Some of her stories were remarkably short.

I like short shorts. They were popular in the 1930s, when some magazine offered readers a short story that would fit on one page. The short short’s descendants have been known by other terms, including flash fiction and sudden fiction. The terms are still evolving.

Some of the thinking about the form of short shorts is interesting. But I think there might be a simple explanation.

Some writers do their best work when they can work through a draft in a single sitting. In earlier times, a Chekhov or a Tolstoy might have had all day — and perhaps all day for several days.
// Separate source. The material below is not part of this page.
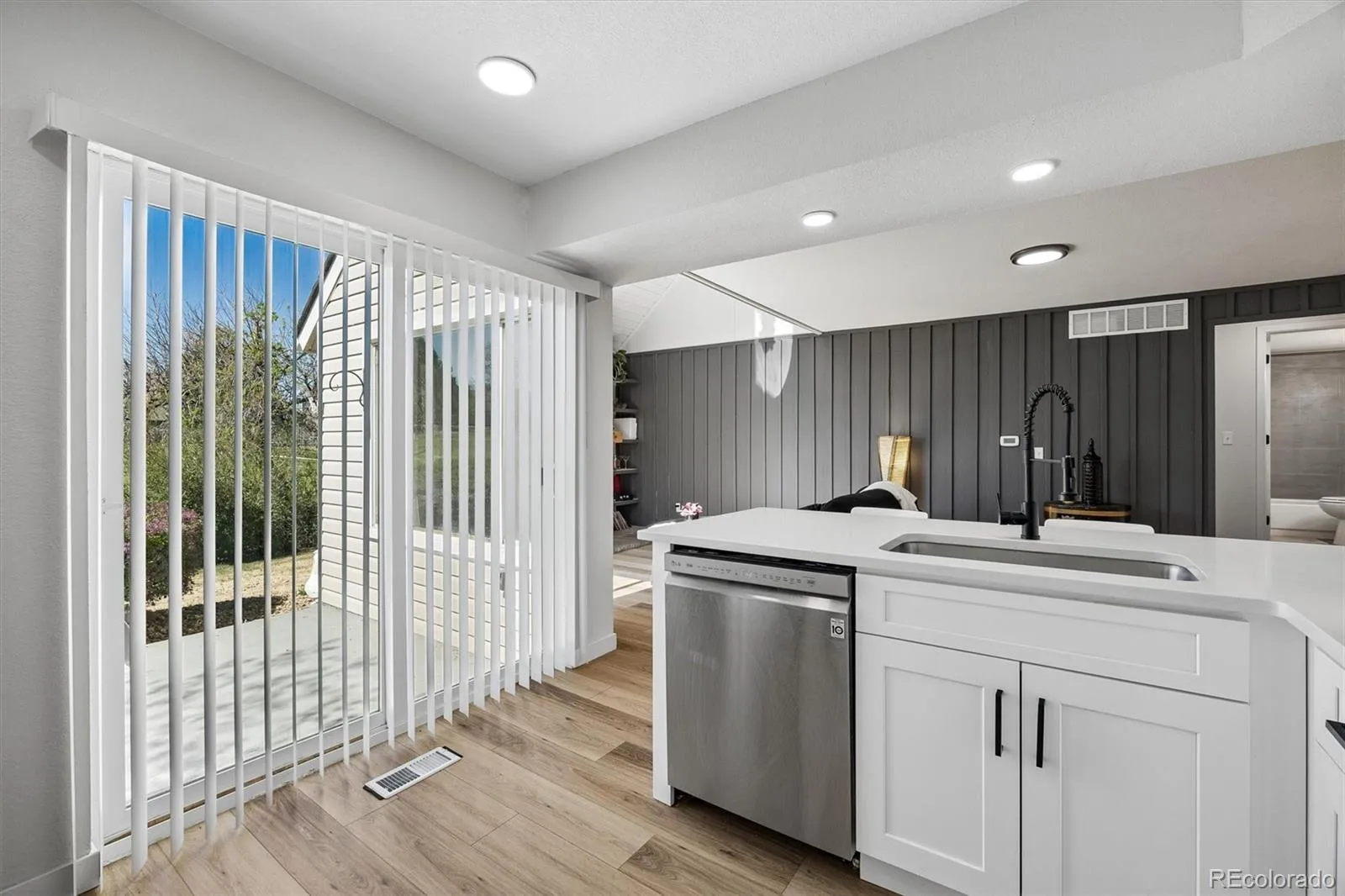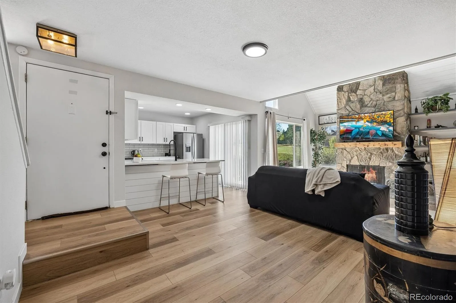 Inside, you’re greeted by a bright, open layout enhanced by luxury vinyl plank flooring and abundant natural light. The fully updated kitchen features quartz countertops, stainless steel appliances, elegant finishes, and a seamless flow into the living and dining areas. Offering beautiful views of the golf course from the living room – ideal for both everyday living and entertaining.

Today’s writers seem to be living, and thus working, at a faster pace.

For example, Claudia Smith:

I found that I did my best work when I could write through a piece from beginning to end with­out much inter­rup­tion, and for a flash piece, that usu­al­ly was about a half hour. I’m not say­ing the piece would be fin­ished, just that I would have a draft done. 

Perhaps a lot of the theory about compressed form might be explained by the compressed time that a writer can give to a draft at any one sitting.

I imagine that most readers, like most writers, are living a faster pace. I’m one of those who appreciate the shorter stories.